◆ What is being asked: Would you print the lines below exactly, beginning at the line that has "为了庆祝这一重要的里程碑,我" and stopping after the line that has "薬師神幸三郎さんの天運は39画の5点!"? Only those lines, and no pictures.

◆ Exercise data:
##########

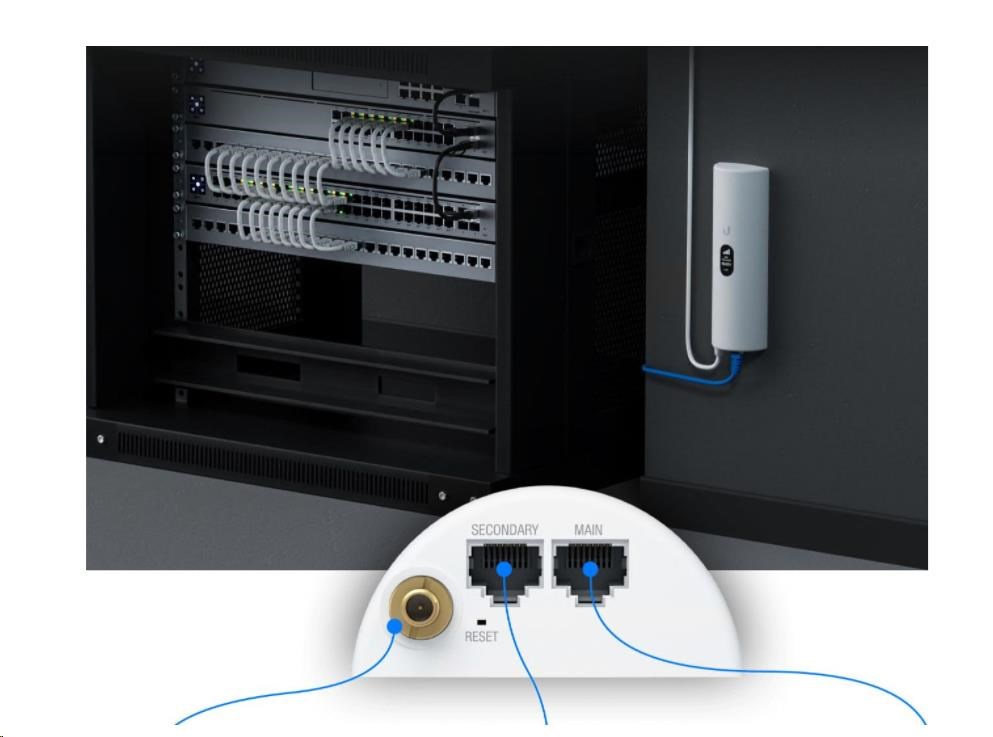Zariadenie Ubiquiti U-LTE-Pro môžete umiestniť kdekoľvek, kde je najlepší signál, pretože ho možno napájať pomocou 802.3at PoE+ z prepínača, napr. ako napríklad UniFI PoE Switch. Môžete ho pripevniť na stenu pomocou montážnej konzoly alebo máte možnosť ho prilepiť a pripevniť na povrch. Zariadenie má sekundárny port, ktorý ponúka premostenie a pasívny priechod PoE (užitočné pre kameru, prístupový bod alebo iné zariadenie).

##########

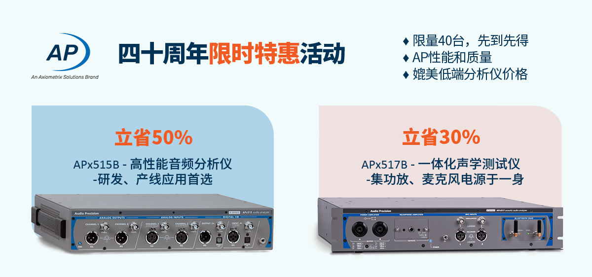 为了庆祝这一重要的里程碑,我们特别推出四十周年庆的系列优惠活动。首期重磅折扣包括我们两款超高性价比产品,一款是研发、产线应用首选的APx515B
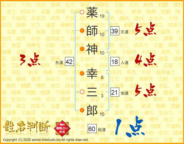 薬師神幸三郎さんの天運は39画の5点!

##########

◆ Response below:
 为了庆祝这一重要的里程碑,我们特别推出四十周年庆的系列优惠活动。首期重磅折扣包括我们两款超高性价比产品,一款是研发、产线应用首选的APx515B
 薬師神幸三郎さんの天運は39画の5点!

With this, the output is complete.